(Work order)
Give back every entry exactly; drop the pictures.

#### Given data

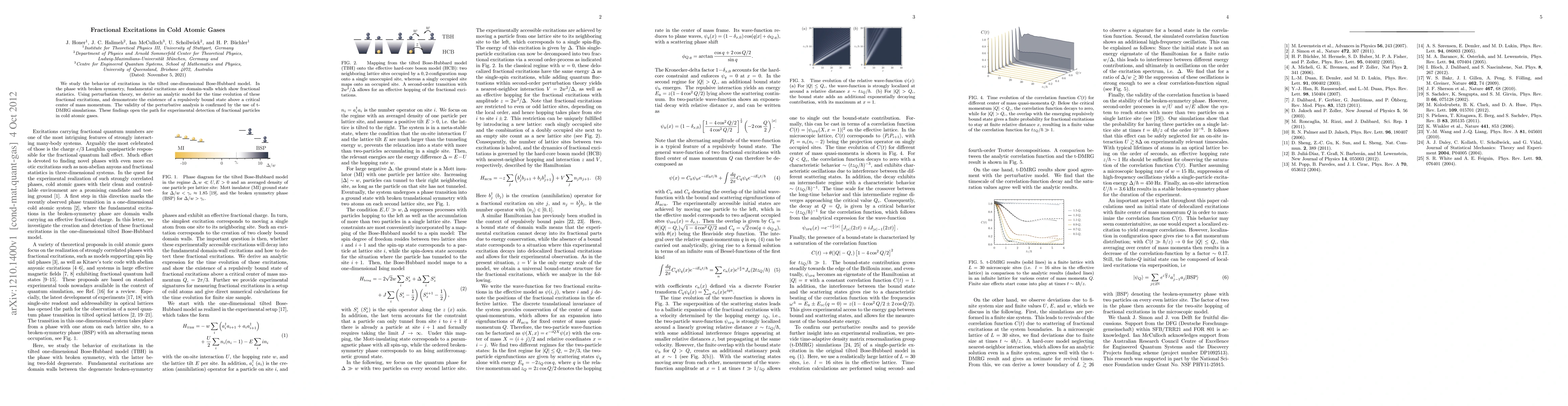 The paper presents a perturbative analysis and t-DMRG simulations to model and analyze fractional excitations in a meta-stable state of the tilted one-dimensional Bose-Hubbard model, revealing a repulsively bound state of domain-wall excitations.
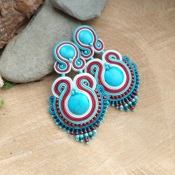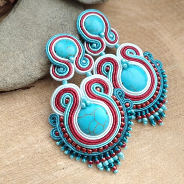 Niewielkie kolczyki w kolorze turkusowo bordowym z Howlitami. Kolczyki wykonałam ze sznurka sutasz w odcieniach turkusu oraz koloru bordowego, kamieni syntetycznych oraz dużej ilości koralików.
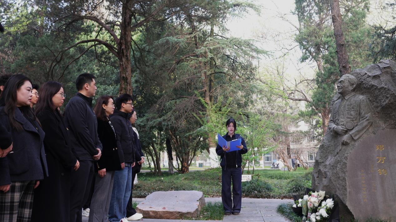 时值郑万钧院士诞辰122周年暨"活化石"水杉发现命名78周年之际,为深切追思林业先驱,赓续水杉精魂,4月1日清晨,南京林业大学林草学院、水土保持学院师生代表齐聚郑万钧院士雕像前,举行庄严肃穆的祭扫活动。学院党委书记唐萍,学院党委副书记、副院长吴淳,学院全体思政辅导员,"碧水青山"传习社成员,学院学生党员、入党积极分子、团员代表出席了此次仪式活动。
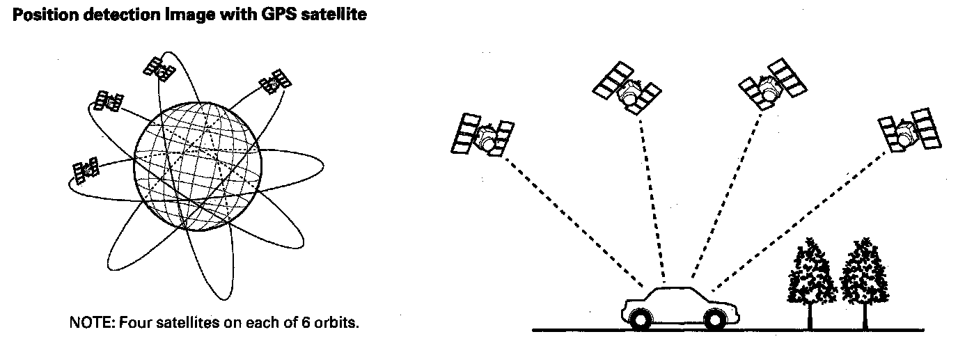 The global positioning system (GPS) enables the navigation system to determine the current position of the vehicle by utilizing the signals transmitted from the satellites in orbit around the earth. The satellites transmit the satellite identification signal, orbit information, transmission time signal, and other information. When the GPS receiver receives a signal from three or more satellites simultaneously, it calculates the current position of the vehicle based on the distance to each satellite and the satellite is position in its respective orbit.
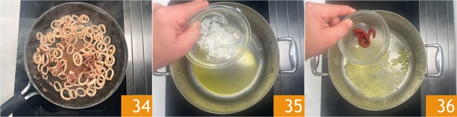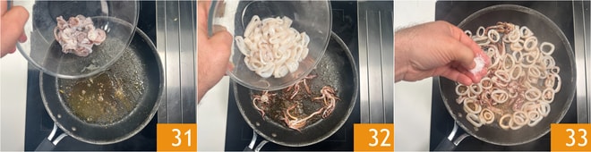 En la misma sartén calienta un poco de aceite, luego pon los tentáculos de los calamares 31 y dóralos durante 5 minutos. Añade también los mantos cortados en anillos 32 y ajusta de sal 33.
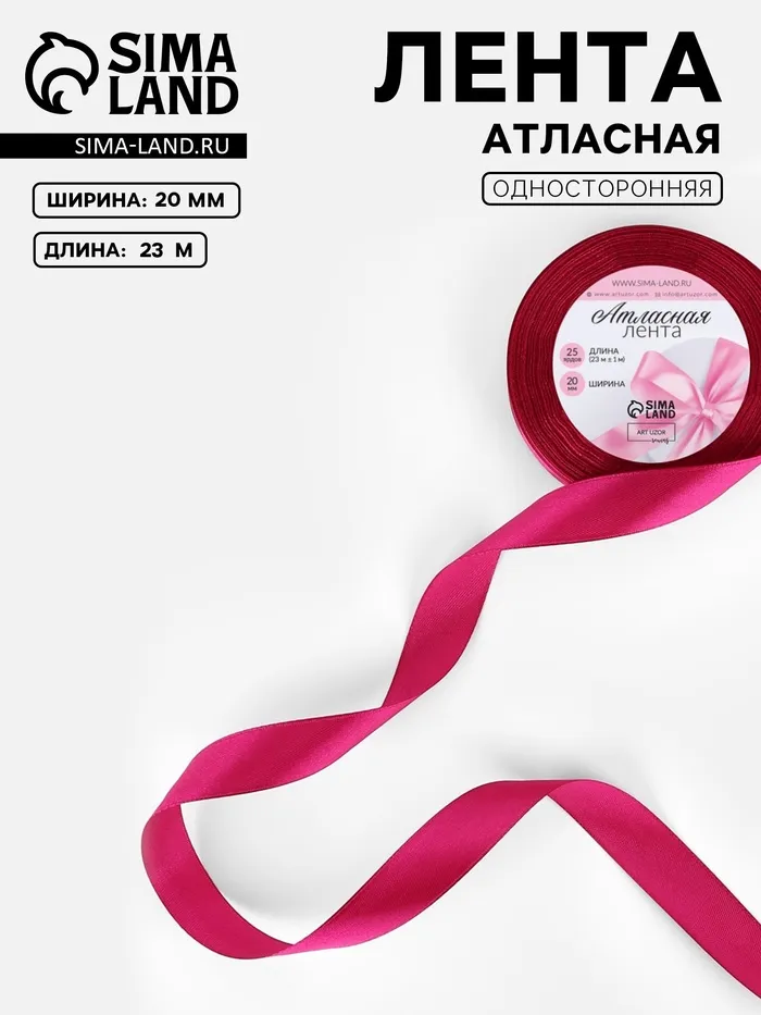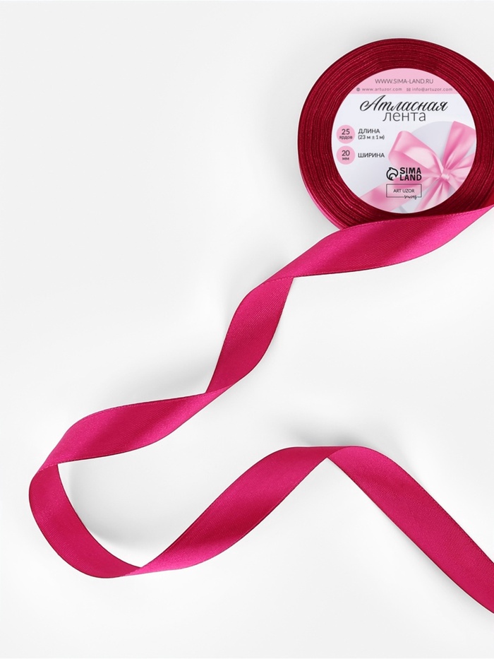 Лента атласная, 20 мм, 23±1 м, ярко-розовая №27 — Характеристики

########

(Exercise output)
 The paper presents a perturbative analysis and t-DMRG simulations to model and analyze fractional excitations in a meta-stable state of the tilted one-dimensional Bose-Hubbard model, revealing a repulsively bound state of domain-wall excitations.
 Niewielkie kolczyki w kolorze turkusowo bordowym z Howlitami. Kolczyki wykonałam ze sznurka sutasz w odcieniach turkusu oraz koloru bordowego, kamieni syntetycznych oraz dużej ilości koralików.
 时值郑万钧院士诞辰122周年暨"活化石"水杉发现命名78周年之际,为深切追思林业先驱,赓续水杉精魂,4月1日清晨,南京林业大学林草学院、水土保持学院师生代表齐聚郑万钧院士雕像前,举行庄严肃穆的祭扫活动。学院党委书记唐萍,学院党委副书记、副院长吴淳,学院全体思政辅导员,"碧水青山"传习社成员,学院学生党员、入党积极分子、团员代表出席了此次仪式活动。
 The global positioning system (GPS) enables the navigation system to determine the current position of the vehicle by utilizing the signals transmitted from the satellites in orbit around the earth. The satellites transmit the satellite identification signal, orbit information, transmission time signal, and other information. When the GPS receiver receives a signal from three or more satellites simultaneously, it calculates the current position of the vehicle based on the distance to each satellite and the satellite is position in its respective orbit.
 En la misma sartén calienta un poco de aceite, luego pon los tentáculos de los calamares 31 y dóralos durante 5 minutos. Añade también los mantos cortados en anillos 32 y ajusta de sal 33.
 Лента атласная, 20 мм, 23±1 м, ярко-розовая №27 — Характеристики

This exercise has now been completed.